- _EXERCISE AIM_
In the data below, restate exactly the lines from the one with "近日,2019年辽宁省普通高" to the final line, both included, but not the pictures.

:::

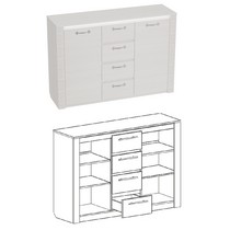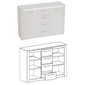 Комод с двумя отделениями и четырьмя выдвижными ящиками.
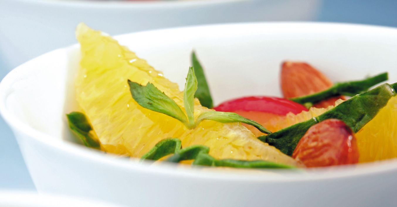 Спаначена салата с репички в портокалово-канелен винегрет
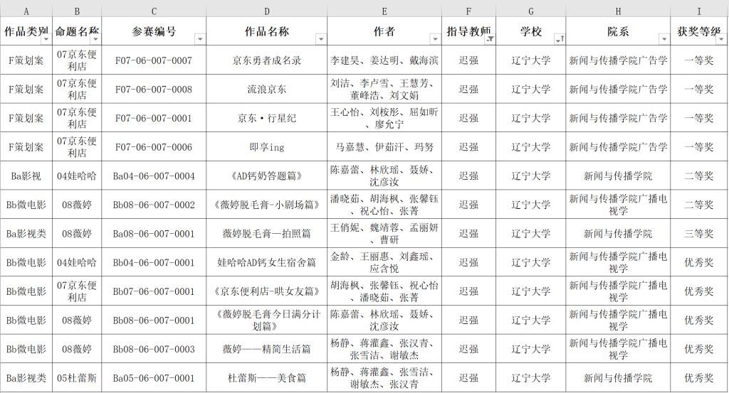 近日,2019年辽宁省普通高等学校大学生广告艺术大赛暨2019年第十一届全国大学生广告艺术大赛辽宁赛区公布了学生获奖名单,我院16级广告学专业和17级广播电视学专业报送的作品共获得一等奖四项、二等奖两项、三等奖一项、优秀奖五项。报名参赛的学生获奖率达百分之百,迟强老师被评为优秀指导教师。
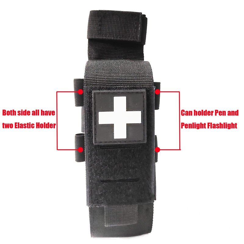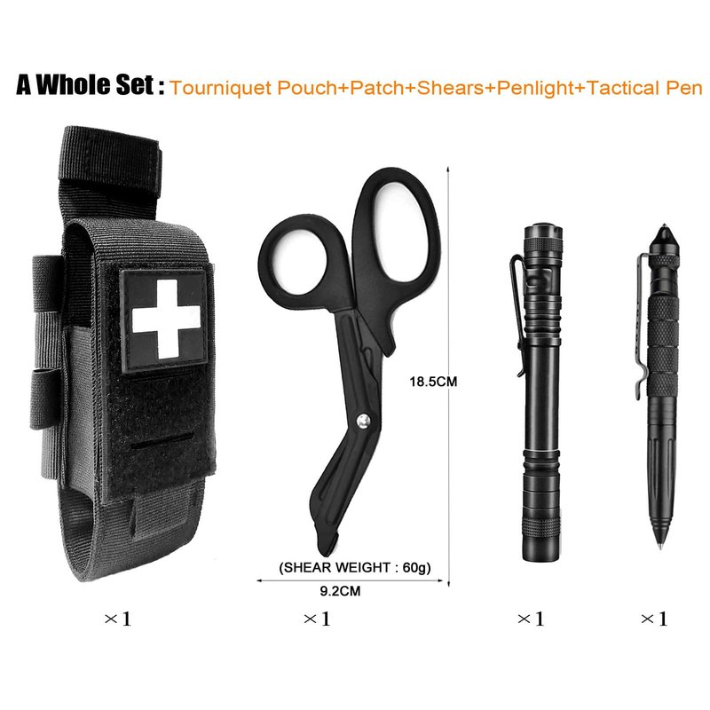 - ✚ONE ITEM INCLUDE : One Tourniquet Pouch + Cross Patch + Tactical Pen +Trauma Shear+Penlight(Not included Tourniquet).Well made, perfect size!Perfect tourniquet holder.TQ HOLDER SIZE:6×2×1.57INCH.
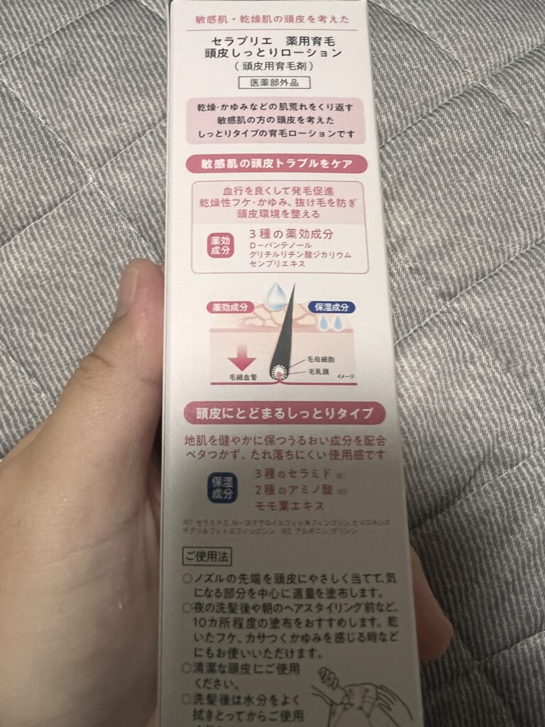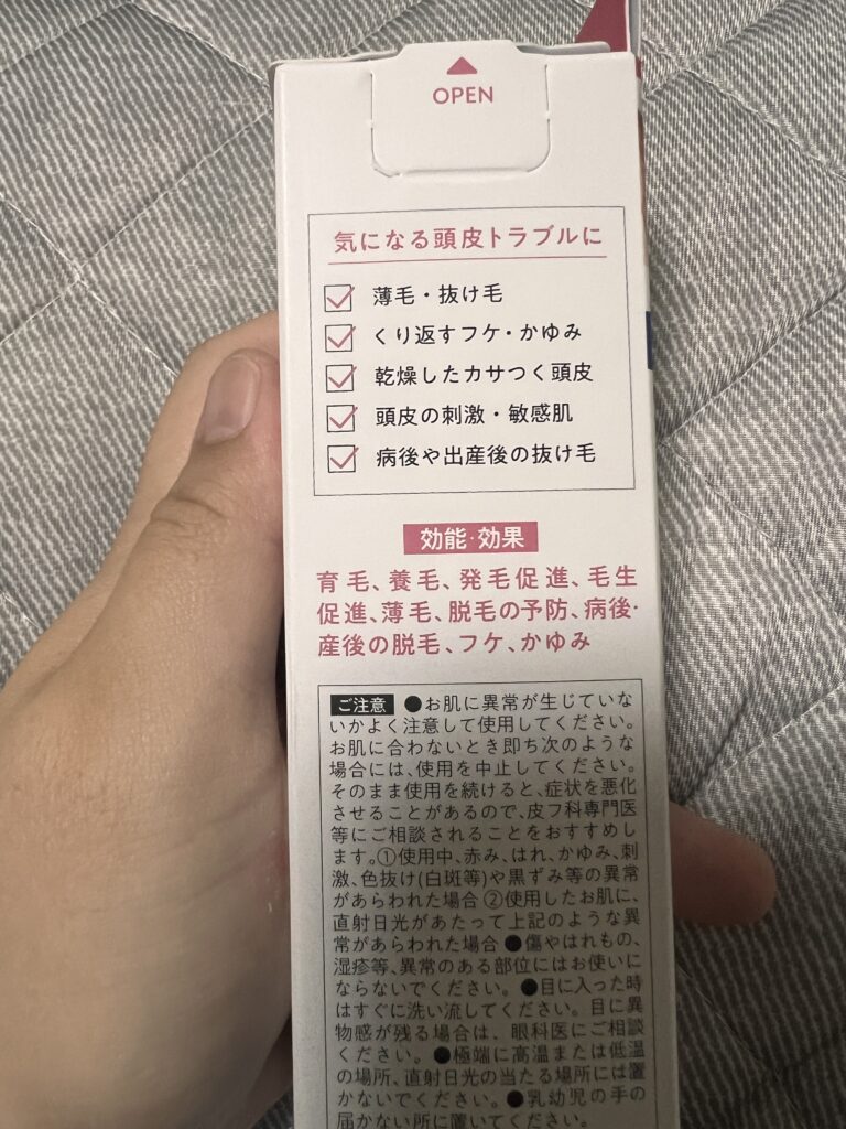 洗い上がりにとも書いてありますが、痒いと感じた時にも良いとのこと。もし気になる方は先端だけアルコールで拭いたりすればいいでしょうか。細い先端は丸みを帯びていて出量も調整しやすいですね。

:::

- _YOUR RESPONSE_
 近日,2019年辽宁省普通高等学校大学生广告艺术大赛暨2019年第十一届全国大学生广告艺术大赛辽宁赛区公布了学生获奖名单,我院16级广告学专业和17级广播电视学专业报送的作品共获得一等奖四项、二等奖两项、三等奖一项、优秀奖五项。报名参赛的学生获奖率达百分之百,迟强老师被评为优秀指导教师。
 - ✚ONE ITEM INCLUDE : One Tourniquet Pouch + Cross Patch + Tactical Pen +Trauma Shear+Penlight(Not included Tourniquet).Well made, perfect size!Perfect tourniquet holder.TQ HOLDER SIZE:6×2×1.57INCH.
 洗い上がりにとも書いてありますが、痒いと感じた時にも良いとのこと。もし気になる方は先端だけアルコールで拭いたりすればいいでしょうか。細い先端は丸みを帯びていて出量も調整しやすいですね。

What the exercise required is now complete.